‘The best things in life take time’ Wes King sings in the intriguingly named song ‘Slow Miracles’.

We are often impatient creatures, wanting answers to our prayers instantly, ever mindful of Isaiah 65:24: ‘before they call, I will answer; while they are still speaking, I will hear.’ We expect God to do things according to our timescales, and our timescales rarely involve waiting.

God’s timescales, however, do. There is no getting around that fact. He urges patience, talks about it as a fruit of the Spirit, something that has to be cultivated in our lives if we are to grow in character and participate in the divine nature. Patience and perseverance only come about through waiting. God does not inhabit time the way that we do (with Him, a day is like a thousand years and a thousand years like a day, Peter reminds us), but there is a purpose in His patience:

“But do not forget this one thing, dear friends: With the Lord a day is like a thousand years, and a thousand years are like a day. The Lord is not slow in keeping his promise, as some understand slowness. Instead he is patient with you, not wanting anyone to perish, but everyone to come to repentance.” (2 Pet 3:8-9)
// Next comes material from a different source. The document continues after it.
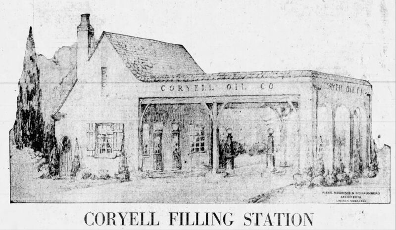 Heading: "Coryell Filling Station," Normal Blvd. and South St., Lincoln, Nebraska. Description: Perspective sketch of small gas station with canopy, designed by Lincoln architects Fiske, Meginnis & Schaumberg Date: 1925 Credit: Fiske, Meginnis & Schaumberg Source: (Lincoln) Nebraska State Journal (May 24, 1925), 16. Rights Usage Terms: Public, non-commercial use, with credit, is granted file names ending in ‘w’ no derivatives.

Slowness does not equal lateness. God operates on the right timescales. He is neither early nor late. When the right time had come, He sent His Son to earth (Gal 4:4). Jesus lived for thirty years in relative obscurity, ‘doing life’, learning to be human, learning obedience through what he suffered, learning a trade, living an ordinary life. His ministry, often perceived in a blaze of glory and amazing miracles, took three years of faithful preaching and service. C. S. Lewis argued that the miracles Jesus did were simply reflections of what happens in nature on a faster timescale (water turned into wine instantly, for example, without all the fermentation process!)

Sometimes we need to look for the ‘slow miracles’ in our lives and be prepared to wait. As with the Psalmist, we need to “wait for the Lord;be strong and take heart and wait for the Lord.” (Ps 27:14) A slow miracle is nontheless still, by definition, a miracle.